Actually, a lot to do with it.
“I just feel good about the fact that as a result of our efforts, 30 kids are going to start school in August,” said Michael Dexter-Smith during a Rotary luncheon Thursday at the St. Regis Princeville Resort. “That’s a chance for them to grow and be productive.
“Giving kids around the the world a chance, that’s what I felt we gave them,” he continued.
Michael, his wife Barbara, and Ai Hashigiwa traveled to Bungamati in May to help build two new classrooms. The old ones had been destroyed by a massive earthquake in the rural area in April 2015. The damage was described as “biblical,” with much of it still unimproved today.
“It was as if it happened yesterday,” Barbara said.
The $5,000 project was a cooperative effort between five Rotary clubs, a Rotaract club, and Worldwide Action, a United Kingdom-based charity.
“This is really Rotary at work around the world,” Michael said.
About 15 people built two classrooms, about 15 feet by 15 feet. The classroom walls are primarily bags of dirt, 50 pounds each, stacked about 9 feet high. The bags were secured with rebar and barbed wire, and plaster was set between the bags. The wall was covered with more plaster and painted. Concrete floors were poured. There are openings for windows and a gap between the metal roof and the walls for ventilation.
Michael described the classrooms as solid and affordable.
“It really is a very inexpensive way to build a very safe building,” he said.
The Rotarians took on any job that needed doing. Michael spent hours filling bags with dirt.
“I probably shoveled more piles of dirt than I ever shoveled in my life,” he said, laughing. “But you knew every shovel you made was going to build another bit of the wall.”
There were 16 classrooms before the earthquakes. The government put up eight temporary ones. The rest were not replaced.
“So about half the kids could not go to school,” Michael said.
But come August, they can.
The Hanalei Bay Rotary Club contributed $2,500 for the materials to build the classrooms. The Rotarians paid their own expenses.
Their trip involved community outreach. They brought clothes, books and other supplies. They visited schools for children with special needs. They spent time with locals and learned about their lives. Residents took part in the classroom construction, too.

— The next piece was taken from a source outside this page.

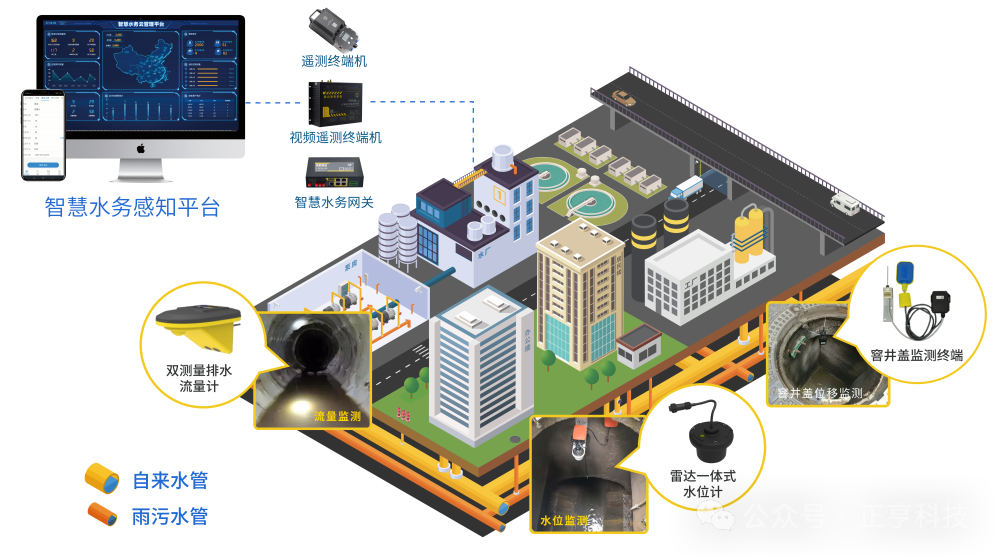预防内涝:通过对排水管网流量和水位的监测,能够提前预测排水系统的承载能力。在暴雨等极端天气情况下,及时掌握管道内水位上升情况,判断是否会发生内涝。

“You really want to get buy-in from the community,” Barbara said. “Not only on the worksite. The idea isn’t just to go and build a school; they want to build up and keep the connection going.”
The volunteers got to meet some of the students who will be attending school in the new classrooms. They were thrilled and appreciative, Michael said.

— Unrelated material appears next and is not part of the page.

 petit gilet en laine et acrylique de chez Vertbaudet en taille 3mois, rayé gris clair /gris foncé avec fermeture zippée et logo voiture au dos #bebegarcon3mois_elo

Most live in small homes with outside plumbing, and they have few possessions. Some lost their homes in the earthquake, couldn’t afford to rebuild and ended up living in what was basically a shanty area. But they are grateful for what little they do have, and kids look forward to school.
“They really value education,” Barbara said.

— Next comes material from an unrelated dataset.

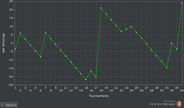 Сука, все таки нельзя играть в покер сонным. Сегодня был 1 глубокий проход в ребайнике, но не срослось. В целом играл неплохо.

The Dexter-Smiths plan to travel to Cambodia in January to help build an entire school. They were pleased to be part of this project that included connections with Japan, the United Kingdom and Rotary clubs in Katmandu and Kauai.
“It was exciting, all the different entities involved,” Barbara said. “You felt the energy, so many were there to help.”
“It wasn’t just one lot of people going in,” Michael said. “It was just a fabulous atmosphere.”
Their trek to get to Nepal, and return home, took six weeks, 13 legs and 20,000 miles.
“We’ve been to a lot of places, 70 countries. This is the first time I didn’t just get off the bus and take a picture,” Michael said. “I actually got in there and helped a community.”